◆ **Exercise requirements**
Transcribe word for word the lines below from the line with "画面中高帽观棋的便是中主李璟" through the line with "Fantastisk dupleksleilighet med", ends included.

◆ **Input material**
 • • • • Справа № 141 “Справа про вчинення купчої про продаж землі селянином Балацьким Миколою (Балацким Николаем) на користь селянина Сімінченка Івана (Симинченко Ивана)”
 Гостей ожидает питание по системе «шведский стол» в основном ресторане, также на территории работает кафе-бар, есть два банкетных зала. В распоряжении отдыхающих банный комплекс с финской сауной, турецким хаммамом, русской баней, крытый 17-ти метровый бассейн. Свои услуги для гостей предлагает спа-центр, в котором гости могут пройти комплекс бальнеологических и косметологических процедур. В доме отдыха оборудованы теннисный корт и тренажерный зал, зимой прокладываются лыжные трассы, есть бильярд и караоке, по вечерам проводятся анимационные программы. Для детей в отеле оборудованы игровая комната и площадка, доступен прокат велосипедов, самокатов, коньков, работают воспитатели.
---
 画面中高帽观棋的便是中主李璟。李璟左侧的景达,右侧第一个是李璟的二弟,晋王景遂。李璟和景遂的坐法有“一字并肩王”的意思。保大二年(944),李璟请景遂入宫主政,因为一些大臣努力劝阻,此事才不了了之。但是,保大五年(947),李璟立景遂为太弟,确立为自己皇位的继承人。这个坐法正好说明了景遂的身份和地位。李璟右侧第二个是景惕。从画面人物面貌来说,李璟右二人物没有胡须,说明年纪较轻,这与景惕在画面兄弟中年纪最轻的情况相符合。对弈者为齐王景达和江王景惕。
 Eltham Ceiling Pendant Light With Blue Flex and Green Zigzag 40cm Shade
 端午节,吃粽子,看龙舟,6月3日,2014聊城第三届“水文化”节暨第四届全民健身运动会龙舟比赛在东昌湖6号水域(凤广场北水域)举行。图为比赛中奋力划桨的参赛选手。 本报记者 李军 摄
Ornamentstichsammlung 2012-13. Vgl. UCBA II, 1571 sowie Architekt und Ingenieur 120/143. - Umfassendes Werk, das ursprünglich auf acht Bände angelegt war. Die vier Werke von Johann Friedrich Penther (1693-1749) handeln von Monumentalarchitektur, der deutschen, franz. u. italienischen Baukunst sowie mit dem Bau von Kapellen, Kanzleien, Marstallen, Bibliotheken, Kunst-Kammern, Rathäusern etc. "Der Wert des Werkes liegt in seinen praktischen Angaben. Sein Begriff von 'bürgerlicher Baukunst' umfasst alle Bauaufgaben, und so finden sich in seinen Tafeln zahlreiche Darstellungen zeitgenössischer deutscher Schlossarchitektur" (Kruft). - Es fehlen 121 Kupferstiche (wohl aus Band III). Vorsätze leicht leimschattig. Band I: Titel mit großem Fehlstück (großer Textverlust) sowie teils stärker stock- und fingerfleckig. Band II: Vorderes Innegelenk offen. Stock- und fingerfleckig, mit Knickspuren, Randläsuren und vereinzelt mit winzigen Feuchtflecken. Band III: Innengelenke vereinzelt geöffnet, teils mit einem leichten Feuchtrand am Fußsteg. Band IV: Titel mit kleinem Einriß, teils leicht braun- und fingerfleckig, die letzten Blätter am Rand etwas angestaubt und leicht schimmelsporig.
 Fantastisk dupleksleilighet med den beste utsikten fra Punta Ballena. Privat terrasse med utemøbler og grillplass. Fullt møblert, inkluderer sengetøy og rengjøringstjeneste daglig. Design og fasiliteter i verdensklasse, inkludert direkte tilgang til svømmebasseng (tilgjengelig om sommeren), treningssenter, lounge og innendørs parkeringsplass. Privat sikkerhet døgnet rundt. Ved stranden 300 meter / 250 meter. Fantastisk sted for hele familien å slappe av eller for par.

◆ **Response below**
 画面中高帽观棋的便是中主李璟。李璟左侧的景达,右侧第一个是李璟的二弟,晋王景遂。李璟和景遂的坐法有“一字并肩王”的意思。保大二年(944),李璟请景遂入宫主政,因为一些大臣努力劝阻,此事才不了了之。但是,保大五年(947),李璟立景遂为太弟,确立为自己皇位的继承人。这个坐法正好说明了景遂的身份和地位。李璟右侧第二个是景惕。从画面人物面貌来说,李璟右二人物没有胡须,说明年纪较轻,这与景惕在画面兄弟中年纪最轻的情况相符合。对弈者为齐王景达和江王景惕。
 Eltham Ceiling Pendant Light With Blue Flex and Green Zigzag 40cm Shade
 端午节,吃粽子,看龙舟,6月3日,2014聊城第三届“水文化”节暨第四届全民健身运动会龙舟比赛在东昌湖6号水域(凤广场北水域)举行。图为比赛中奋力划桨的参赛选手。 本报记者 李军 摄
Ornamentstichsammlung 2012-13. Vgl. UCBA II, 1571 sowie Architekt und Ingenieur 120/143. - Umfassendes Werk, das ursprünglich auf acht Bände angelegt war. Die vier Werke von Johann Friedrich Penther (1693-1749) handeln von Monumentalarchitektur, der deutschen, franz. u. italienischen Baukunst sowie mit dem Bau von Kapellen, Kanzleien, Marstallen, Bibliotheken, Kunst-Kammern, Rathäusern etc. "Der Wert des Werkes liegt in seinen praktischen Angaben. Sein Begriff von 'bürgerlicher Baukunst' umfasst alle Bauaufgaben, und so finden sich in seinen Tafeln zahlreiche Darstellungen zeitgenössischer deutscher Schlossarchitektur" (Kruft). - Es fehlen 121 Kupferstiche (wohl aus Band III). Vorsätze leicht leimschattig. Band I: Titel mit großem Fehlstück (großer Textverlust) sowie teils stärker stock- und fingerfleckig. Band II: Vorderes Innegelenk offen. Stock- und fingerfleckig, mit Knickspuren, Randläsuren und vereinzelt mit winzigen Feuchtflecken. Band III: Innengelenke vereinzelt geöffnet, teils mit einem leichten Feuchtrand am Fußsteg. Band IV: Titel mit kleinem Einriß, teils leicht braun- und fingerfleckig, die letzten Blätter am Rand etwas angestaubt und leicht schimmelsporig.
 Fantastisk dupleksleilighet med den beste utsikten fra Punta Ballena. Privat terrasse med utemøbler og grillplass. Fullt møblert, inkluderer sengetøy og rengjøringstjeneste daglig. Design og fasiliteter i verdensklasse, inkludert direkte tilgang til svømmebasseng (tilgjengelig om sommeren), treningssenter, lounge og innendørs parkeringsplass. Privat sikkerhet døgnet rundt. Ved stranden 300 meter / 250 meter. Fantastisk sted for hele familien å slappe av eller for par.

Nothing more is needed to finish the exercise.